[Cryptography] Is ASN.1 still the thing?

Sat Nov 25 22:57:54 EST 2017

On Sat, Nov 25, 2017 at 12:32:59PM +0100, Florian Weimer wrote:
> * Peter Gutmann:
> > ASN.1 has a lot of design-by-committee junk in it (the date format, for
> > example), but BER and DER are pretty clean.

ASN.1 is pretty clean, but BER/DER/CER are all crap (mainly the TLV
thing, and the poor choices made for canonicalization in DER and CER).

> What I find very hard, as someone who has never been formally trained
> in the ASN.1 arts, is going from a specification like this:

I've never been formally trained in ASN.1 either.

>    Certificate  ::=  SEQUENCE  {
>         tbsCertificate       TBSCertificate,
>         signatureAlgorithm   AlgorithmIdentifier,
>         signatureValue       BIT STRING  }
> 
>    TBSCertificate  ::=  SEQUENCE  {
>         version         [0]  EXPLICIT Version DEFAULT v1,
>         serialNumber         CertificateSerialNumber,
>         signature            AlgorithmIdentifier,
>         issuer               Name,
>         validity             Validity,
>         subject              Name,
>         subjectPublicKeyInfo SubjectPublicKeyInfo,
>         issuerUniqueID  [1]  IMPLICIT UniqueIdentifier OPTIONAL,
>                              -- If present, version MUST be v2 or v3
>         subjectUniqueID [2]  IMPLICIT UniqueIdentifier OPTIONAL,
>                              -- If present, version MUST be v2 or v3
>         extensions      [3]  EXPLICIT Extensions OPTIONAL
>                              -- If present, version MUST be v3
>         }
> 
> to the BER/DER encoding.  The problem is this:
> 
>         version         [0]  EXPLICIT Version DEFAULT v1,
> 
> which has a funny impact on the encoding, which turns out rather
> irregular at this point.  The reset is pretty boring TLV stuff and
> easy to implement, but I never found a specification of what
> *actually* happens here.  If it's described in X.690 (07/2002), I
> really don't see it.

Are you referring to the EXPLICIT keyword?

Explicit tagging -> TLV nesting.  I.e., TLV' where V' is the underlying
TLV, so: TLTLV.

That's right: extra redundantly and ridiculously wasteful.

Here you get:

  Tag(CONTEXT, 0) || Length(Tag(UNIVERSAL, INTEGER) ||
                        Length(<encoding of INTEGER 0, 1, or 2>) ||
                        <encoding of INTEGER 0, 1, or 2)

What was the point of using EXPLICIT tagging for that field and IMPLICIT
for the rest?  I don't know, and so far I can't think of an obvious
reason.

(While we're on the subject of mistakes in x.509, it's very unnatural to
 apply a signature to a subset of a PDU (in this case, tbsCertificate).
 tbsCertificate should have been an OCTET STRING containing the
 TBSCertificate.  But whatever.)

As for where this is described...  It's described in x.690, section
8.14.  It's also referred to in a few places in x.680.

 - x.690, 8.14:

   8.14 Encoding of a tagged value
   8.14.1 The encoding of a tagged value shall be derived from the complete
          encoding of the corresponding data value of the type appearing
          in the "TaggedType" notation (called the base encoding) as
          specified in 8.14.2 and 8.14.3.
   8.14.2 If implicit tagging (see ITU-T Rec.
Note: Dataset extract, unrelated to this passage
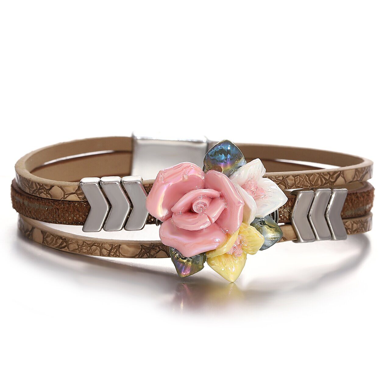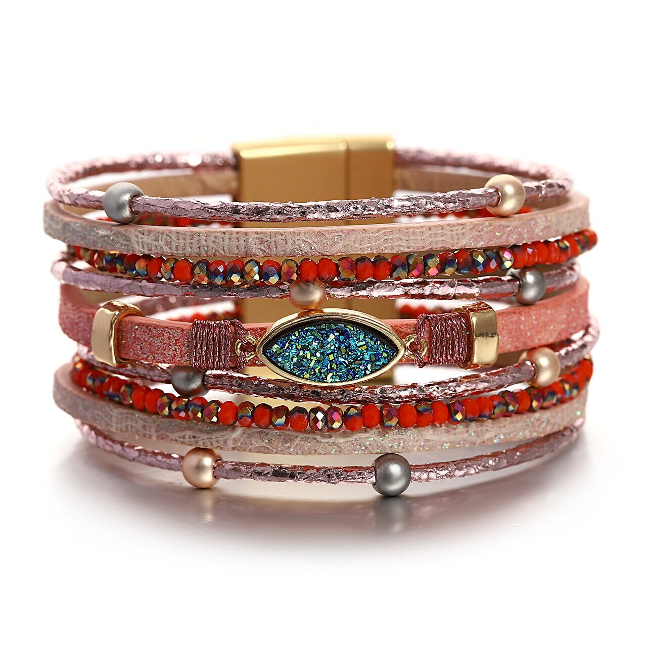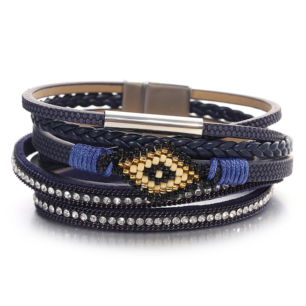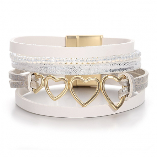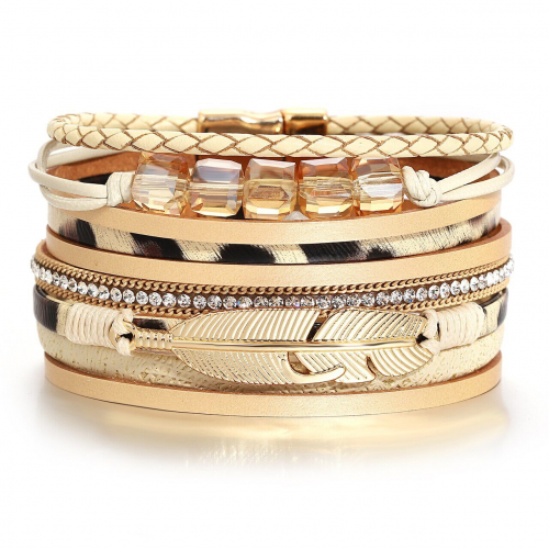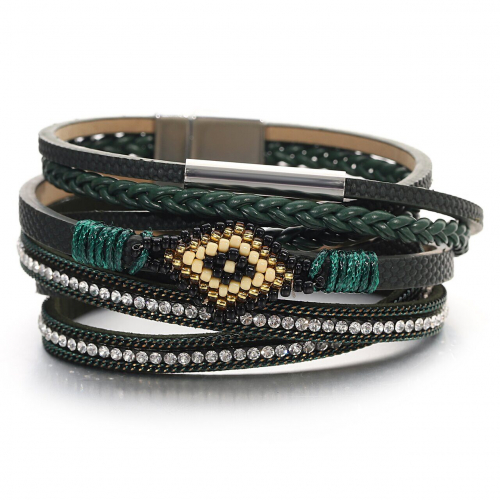 Браслет, кожа , сталь , стекло, ALBW171сер

X.680 | ISO/IEC 8824-1,
          30.6) was not used in the definition of the type, the encoding
          shall be constructed and the contents octets shall be the
          complete base encoding.
   8.14.3 If implicit tagging was used in the definition of the type, then:
          a)     the encoding shall be constructed if the base encoding
                 is constructed, and shall be primitive otherwise; and
          b)     the contents octets shall be the same as the contents
                 octets of the base encoding.

This actually makes sense if you read the rest of the spec, but it's
also made more obvious by already knowing that EXPLICIT tagging means
one more layer of TLV while IMPLICIT tagging means replacing the tag
(but not the constructed/primitive bit) in the TLV encoding :(

(I'm probably coming across as defending ASN.1, but I want to make
 absolutely clear that BER/DER/CER are horrible.  My defense of ASN.1 is
 mostly about dissuading people from reinventing that wheel _badly_.  If
 you want to reinvent it, please don't make the TLV mistake again.)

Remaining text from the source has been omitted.